Upgrading from 0.x to 2.x

Upgrading from an older version of Bunto? A few things have changed in 1.0 and 2.0 that you’ll want to know about.

Before we dive in, go ahead and fetch the latest version of Bunto:

$ gem update bunto
Diving in

Want to get a new Bunto site up and running quickly? Simply run bunto new SITENAME to create a new folder with a bare bones Bunto site.

The Bunto Command

For better clarity, Bunto now accepts the commands build and serve. Whereas before you might simply run the command bunto to generate a site and bunto --server to view it locally, in v2.0 (and later) you should use the subcommands bunto build and bunto serve to build and preview your site.

Watching and Serving

With the new subcommands, the way sites are previewed locally changed a bit. Instead of specifying server: true in the site’s configuration file, use bunto serve. The same holds true for watch: true. Instead, use the --watch flag with either bunto serve or bunto build.

In Bunto v1.0, we introduced absolute permalinks for pages in subdirectories. Starting with v2.0, absolute permalinks are opt-out, meaning Bunto will default to using absolute permalinks instead of relative permalinks. Relative permalink backwards-compatibility was removed in v3.0.

Draft Posts

Bunto now lets you write draft posts, and allows you to easily preview how they will look prior to publishing. To start a draft, simply create a folder called _drafts in your site’s source directory (e.g., alongside _posts), and add a new markdown file to it. To preview your new post, simply run the bunto serve command with the --drafts flag.

Drafts don’t have dates

Unlike posts, drafts don’t have a date, since they haven’t been published yet. Rather than naming your draft something like 2013-07-01-my-draft-post.md, simply name the file what you’d like your post to eventually be titled, here my-draft-post.md.

Custom Config File

Rather than passing individual flags via the command line, you can now pass an entire custom Bunto config file. This helps to distinguish between environments, or lets you programmatically override user-specified defaults. Simply add the --config flag to the bunto command, followed by the path to one or more config files (comma-delimited, no spaces).

As a result, the following command line flags are now deprecated:

  • --no-server
  • --no-auto (now --no-watch)
  • --auto (now --watch)
  • --server
  • --url=
  • --maruku, --rdiscount, and --redcarpet
  • --pygments
  • --permalink=
  • --paginate
The config flag explicitly specifies your configuration file(s)

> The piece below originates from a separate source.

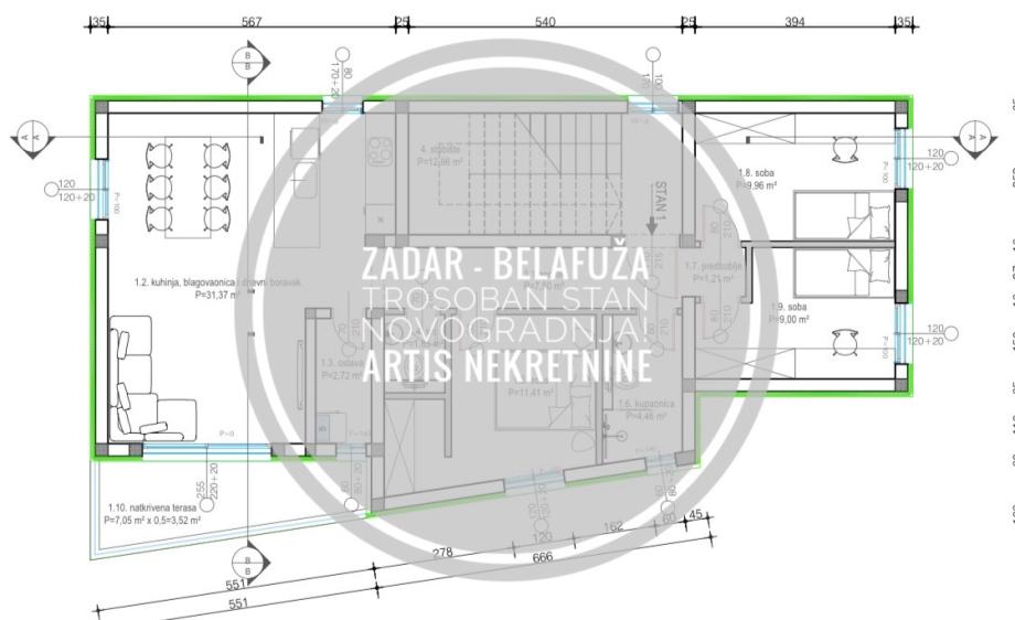 ZADAR - BELAFUŽA: TROSOBAN STAN 1. KAT, NOVOGRADNJA! (prodaja)

If you use the --config flag, Bunto will ignore your _config.yml file. Want to merge a custom configuration with the normal configuration? No problem. Bunto will accept more than one custom config file via the command line. Config files cascade from right to left, such that if I run bunto serve --config _config.yml,_config-dev.yml, the values in the config files on the right (_config-dev.yml) overwrite those on the left (_config.yml) when both contain the same key.

New Config File Options

Bunto 1.0 introduced several new config file options. Before you upgrade, you should check to see if any of these are present in your pre-1.0 config file, and if so, make sure that you’re using them properly:

  • excerpt_separator
  • host
  • include
  • keep_files
  • layouts
  • show_drafts
  • timezone
  • url

Baseurl

Often, you’ll want the ability to run a Bunto site in multiple places, such as previewing locally before pushing to GitHub Pages. Bunto 1.0 makes that easier with the new --baseurl flag. To take advantage of this feature, first add the production baseurl to your site’s _config.yml file. Then, throughout the site, simply prefix relative URLs with {{ site.baseurl }}. When you’re ready to preview your site locally, pass along the --baseurl flag with your local baseurl (most likely /) to bunto serve and Bunto will swap in whatever you’ve passed along, ensuring all your links work as you’d expect in both environments.

All page and post URLs contain leading slashes

If you use the method described above, please remember that the URLs for all posts and pages contain a leading slash. Therefore, concatenating the site baseurl and the post/page url where site.baseurl = / and post.url = /2013/06/05/my-fun-post/ will result in two leading slashes, which will break links. It is thus suggested that prefixing with site.baseurl only be used when the baseurl is something other than the default of /.